PHST 625 Clinical Trials II
Prerequisite: PHST 624 and enrolled in BDSCMS BIO, CISCCCI, CISMSC, MD/MSc. Sample Size and Power Analysis, Survival Analysis, Sequential Design, Meta Analysis, Reporting and Interpreting of Results, Multicenter Trails. SPSS will be used.
PHST 683 Survival Analysis
Prerequisite: Enrolled in BDSCMS BIO, PH MPH and PHST 681. Statistical methods for analyzing survival data. Parametric and nonparametric methods for complete and incomplete data, life-table, KM estimator, accelerated lifetime models, proportional hazard models, log-rank tests, and goodness-of-fit tests.
PHST 620 Introduction to Statistical Computing
Prerequisite: Enrolled in PH MPH and PHST 500. This course provides an introduction to SAS. It will give students an overview of the SAS system under MS Windows and provide fundamental grounding in the environment for accessing, structuring, formatting and manipulating data. Students will learn how to summarize and display data, and the inference between data steps and procedures to get information out of data.

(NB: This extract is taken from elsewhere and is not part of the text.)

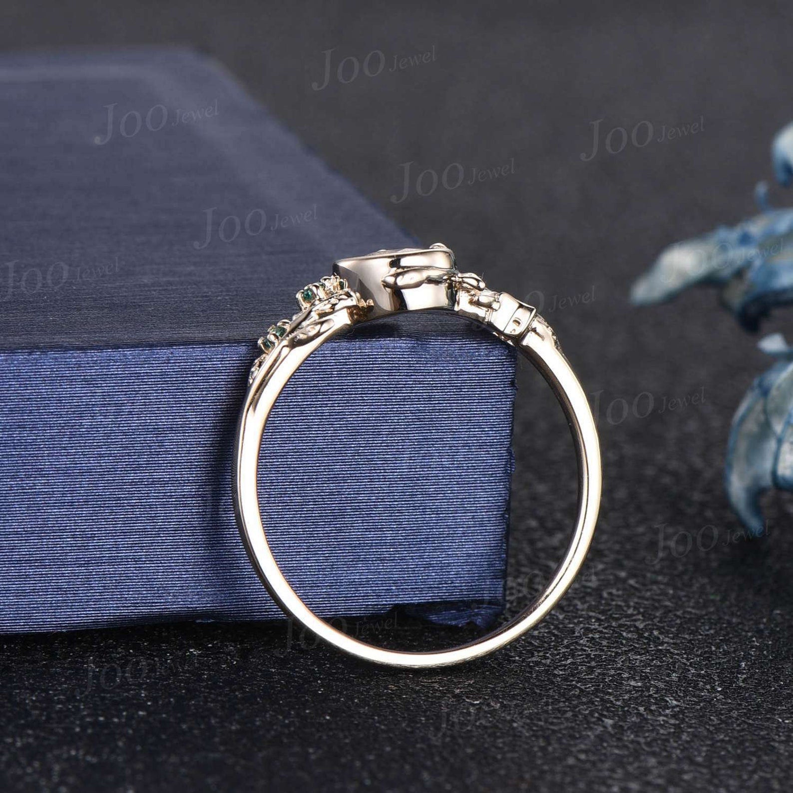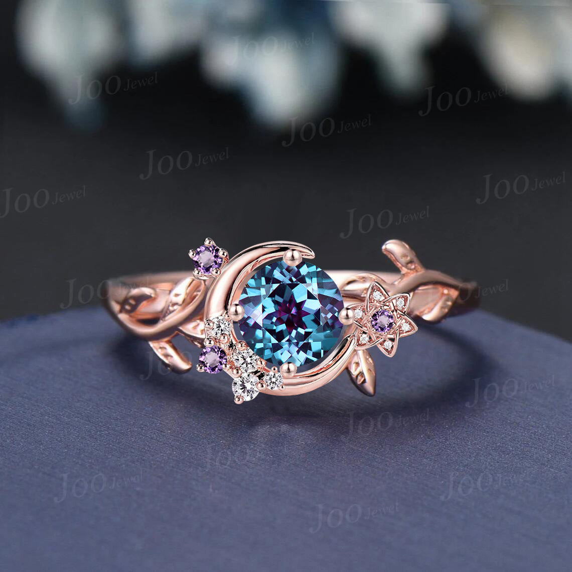 Color-Change Alexandrite Ring Vintage Cluster Amethyst Ring Rose Gold Leaf Moon Engagement Ring Star Flower Moissanite Bridal Ring For Women

PHST 682 Multivariate Statistics
Prerequisite: Enrolled in BDSCMS BIO, Math major in Graduate School and PHST 681. The topics covered in this course include the multivariate normal distribution, inference for mean vectors, inference for covariance and correlation matrices, analysis of covariance structure, analysis of serial measurements, factor analysis, and discriminant analysis. Statistical methods and models that are most useful in multivariate data analysis will be introduced. Instruction will also be given in the proper use of R to carry out these analyses.